GOAL OF THE EXERCISE >> No pictures, please. Copy exactly the lines from the one with "This is a 2001" through the final line below.

─── DATA SHOWN

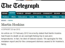 Three UK newspapers have apologized for wrongly reporting in February that a man named Martin Hoskins "had frozen to death...
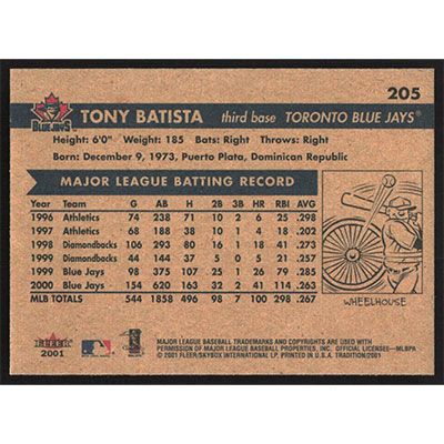 This is a 2001 Fleer Tradition Tony Batista baseball card. The card is #205 and pictures show condition.
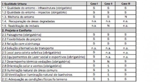 Através da aplicação de todos os critérios contidos no selo Casa Azul Caixa nas residências em estudo, foi possível realizar a síntese dos resultados que se encontra demonstrada no Quadro I. O quadro foi preenchido com um “S” quando o critério foi atendido, com um “N” quando o critério não foi atendido, e com “n.a.” quando o critério não se aplica – em função da data das obras terem sido realizadas nas décadas de 1970 e alguns dados relativos às obras serem inexistentes.
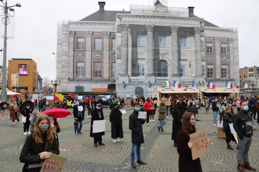 Demonstranten hielden zich tijdens de actie aan de coronamaatregelen. Zo hield men anderhalve meter afstand van elkaar en werden er mondkapjes gedragen. Verschillende demonstraten droegen protestborden bij zich.
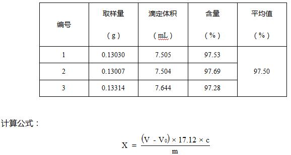 樣品中甲硝唑含量為97.50%(此結果按濕品計算)。樣品中的水分會對重復性有影響,建議用干品進行試驗。配合滴定儀自動進樣器進行滴定,操作方便節省了時間和人力,能快速的檢測出結果。
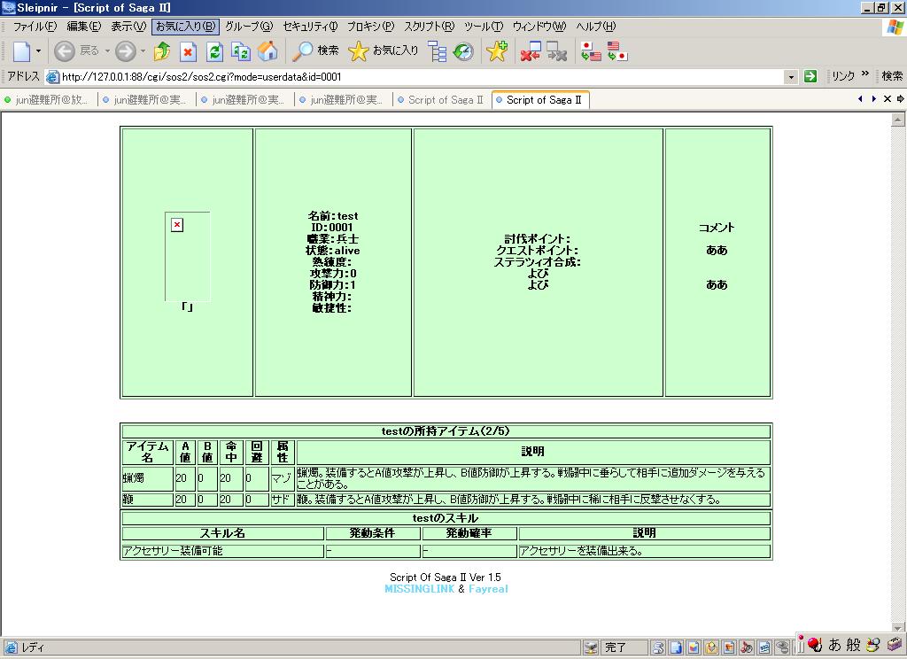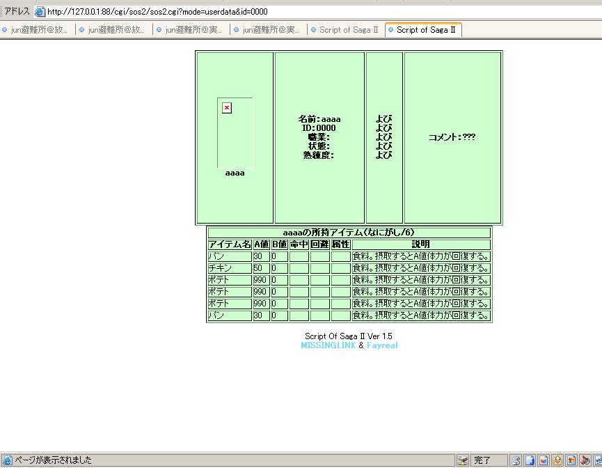 デフォルトのスクリプトにはこうやって手持ちのアイテムを説明してくれる箇所はおろか、手持ちのアイテム全表示しつつステータスの詳細を出してくれる親切なルーチンなんぞ存在しないわけです。
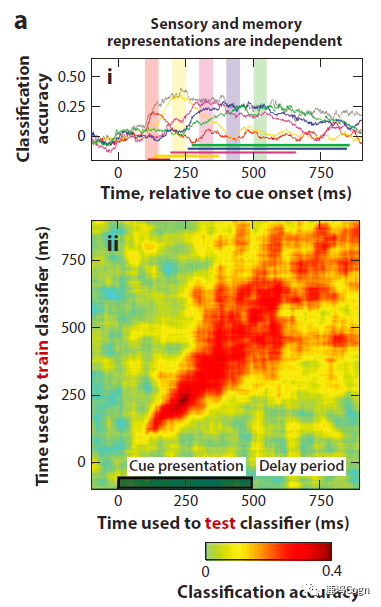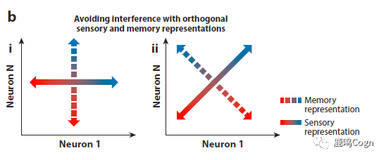 表征性干扰最常见的形式就是WM中的项目和新的感觉刺激之间的干扰,新的感觉刺激同样会涉及到和之前一样的感觉区域,这种表征的重叠会导致严重的干扰。避免这种干扰的一种可能途径是记忆的表现形式避免了与感官输入的重叠。近期的研究表明,感觉表征可以动态地转换为一种独立、正交的记忆表征。通过跨时间的分类分析,一个研究发现PFC皮层对某一事物的表征会随着时间的推移而变化。如图4a所示,猴子在编码时对刺激的感觉表征与对刺激的记忆表征无关,这说明感觉表征动态转换为了一个独立、正交的记忆表征,感觉表征和记忆表征是彼此独立的。图4a 基于PFC神经元活动解码呈现的刺激。不同的分类器在不同时间段(上图的阴影区域;下图的纵坐标)被训练,再对所有时间段进行测试(横坐标)。跨时间分类的表现(上图的纵坐标;下图的颜色)表明在感觉加工阶段训练的分类器无法解码记忆,反之亦然。这表明,感觉表征和记忆表征是正交的!感觉和记忆的正交表征可能有几种不同的环路机制。首先,他们可能是在独立的神经元集群中被表征的(图4b,左);这会减少表征之间的干扰量,因为他们将位于神经空间的不同维度(类似于增加稀疏性)。第二,感觉和记忆表征可能在相同的神经元集群中,但是感觉表征动态转换为了正交的记忆表征(图4b,右),这种转变有可能是因为感觉和记忆都有随机表征,由于高维空间中的随机向量彼此基本不相关,因此允许感觉和记忆的正交表征(这也是FWMM提出的机制:不同感觉子网络直接连接的随机性意味着他们之间没有什么干扰)。

──────

EXERCISE ANSWER >>
 This is a 2001 Fleer Tradition Tony Batista baseball card. The card is #205 and pictures show condition.
 Através da aplicação de todos os critérios contidos no selo Casa Azul Caixa nas residências em estudo, foi possível realizar a síntese dos resultados que se encontra demonstrada no Quadro I. O quadro foi preenchido com um “S” quando o critério foi atendido, com um “N” quando o critério não foi atendido, e com “n.a.” quando o critério não se aplica – em função da data das obras terem sido realizadas nas décadas de 1970 e alguns dados relativos às obras serem inexistentes.
 Demonstranten hielden zich tijdens de actie aan de coronamaatregelen. Zo hield men anderhalve meter afstand van elkaar en werden er mondkapjes gedragen. Verschillende demonstraten droegen protestborden bij zich.
 樣品中甲硝唑含量為97.50%(此結果按濕品計算)。樣品中的水分會對重復性有影響,建議用干品進行試驗。配合滴定儀自動進樣器進行滴定,操作方便節省了時間和人力,能快速的檢測出結果。
 デフォルトのスクリプトにはこうやって手持ちのアイテムを説明してくれる箇所はおろか、手持ちのアイテム全表示しつつステータスの詳細を出してくれる親切なルーチンなんぞ存在しないわけです。
 表征性干扰最常见的形式就是WM中的项目和新的感觉刺激之间的干扰,新的感觉刺激同样会涉及到和之前一样的感觉区域,这种表征的重叠会导致严重的干扰。避免这种干扰的一种可能途径是记忆的表现形式避免了与感官输入的重叠。近期的研究表明,感觉表征可以动态地转换为一种独立、正交的记忆表征。通过跨时间的分类分析,一个研究发现PFC皮层对某一事物的表征会随着时间的推移而变化。如图4a所示,猴子在编码时对刺激的感觉表征与对刺激的记忆表征无关,这说明感觉表征动态转换为了一个独立、正交的记忆表征,感觉表征和记忆表征是彼此独立的。图4a 基于PFC神经元活动解码呈现的刺激。不同的分类器在不同时间段(上图的阴影区域;下图的纵坐标)被训练,再对所有时间段进行测试(横坐标)。跨时间分类的表现(上图的纵坐标;下图的颜色)表明在感觉加工阶段训练的分类器无法解码记忆,反之亦然。这表明,感觉表征和记忆表征是正交的!感觉和记忆的正交表征可能有几种不同的环路机制。首先,他们可能是在独立的神经元集群中被表征的(图4b,左);这会减少表征之间的干扰量,因为他们将位于神经空间的不同维度(类似于增加稀疏性)。第二,感觉和记忆表征可能在相同的神经元集群中,但是感觉表征动态转换为了正交的记忆表征(图4b,右),这种转变有可能是因为感觉和记忆都有随机表征,由于高维空间中的随机向量彼此基本不相关,因此允许感觉和记忆的正交表征(这也是FWMM提出的机制:不同感觉子网络直接连接的随机性意味着他们之间没有什么干扰)。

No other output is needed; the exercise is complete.